How to Plant, Grow, and Save Seeds from Peppers

There are five domesticated species of pepper, including the two species that gardeners usually encounter, Capsicum annuum and Capsicum chinese. All species will grow well throughout the United States as long as they receive enough sun, heat, and moisture. When saving seeds from peppers, remember that different species occasionally cross pollinate.


Peppers germinate and grow best when soil temperatures are above 75°F. In most regions of the country, peppers are started indoors and then transplanted out as the weather warms. Sow peppers indoors 6-8 weeks before transplanting. Plant seeds at a depth of ¼” and make sure the soil remains warm throughout the germination period, which can last 14-18 days. Move pepper seedlings outdoors 4-6 weeks after the last frost. Plant seedlings 12-24” apart in the garden in rows at least 12” apart.

Peppers are occasionally susceptible to diseases such as bacterial spot, anthracnose, blossom end rot, sunscald, and pepper mild mottle virus. Prevent disease by rotating crops regularly and not over crowding plants.

Maturity in peppers is indicated by a color change in the fruit. Green peppers are harvested as immature fruits. Most varieties will ripen to yellow, orange, red, brown, or purple when they are fully ripe.

Eating and Storing

Peppers are one of the most versatile culinary crops the home garden can grow. Peppers can be eaten fresh, fried, roasted, stewed, stir fried, pickled, and pureed into soups, dips, and pestos. Peppers, especially thin fleshed varieties, can be braided into a decorative ristra, air dried, and then crushed to make pepper flakes, chili powder, or paprika.

When stored at room temperature, peppers have a shelf life of 1-2 weeks. Preserved peppers, when pickled or stored in oil, can last for many months. Dried peppers will keep almost indefinitely.

Saving Seeds

Pepper is an annual crop. It will complete its full life cycle, including germination, reproduction, and death, in one growing season.

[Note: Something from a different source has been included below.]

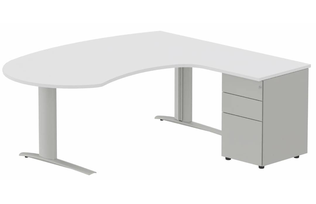 K1 POUTRE compact 90° manager 190x141x104x60cm sur caisson HB métal 3 tiroirs, plateau blanc, structure aluminium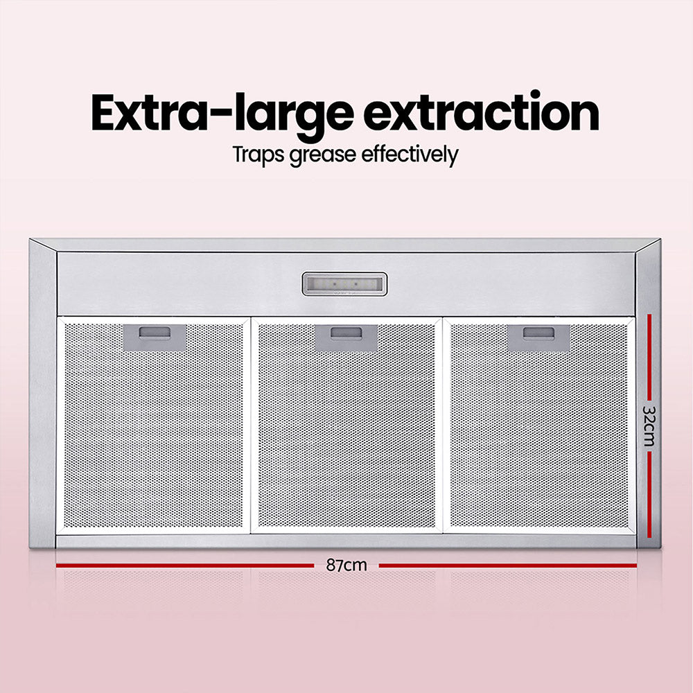 Thick smoke and steam from your cooking. Stifling odours all around. And your range hood is not doing its work to clear the mess. Not anymore with Comfee 900mm Range Hood. Featuring a powerful extraction rate of 550m³/hr from a high performance 110W rated motor, our stainless-steel range hood will clear the air of smoke, steam, odours and vapours in no time at all. The non-stick and removable 5-layer aluminium grease filter ensures all grease is efficiently captured. Completing the job is a 3-speed fan that can be easily selected with the rocker button switches. Clear and bright LED lights also provide vivid illumination for your cooking area, so you can see everything you're cooking.

When saving seeds from pepper, separate varieties by 300-1,600 feet or hand pollinate several fruits using blossom bags. A single pepper plant can produce viable seed. However, to maintain a variety’s diversity over time, save seeds from 5-20 pepper plants.

Be careful when processing the fruits of hot peppers as the oils and vapors of capsaicin can cause eye, skin, and respiratory irritation. Work in a well-ventilated area and take care to wear protective gloves and a respirator or dust mask to prevent irritation. Avoid touching your eyes or nose as you work. If you handle hot peppers bare-handed, immediately scrub hands with soap and warm water.

To save seeds from peppers, let fruits mature until they begin to soften. Cut around the top of the pepper, and use the stem as a handle to twist out the core. Use the tip of a knife to flick out the seeds. Allow seeds to air-dry on newsprint, coffee filters, or screens for several days. When a test seed ca be cleanly snapped in half, seeds are dry enough for storage. Store seeds in a cool, dry place for up to three years.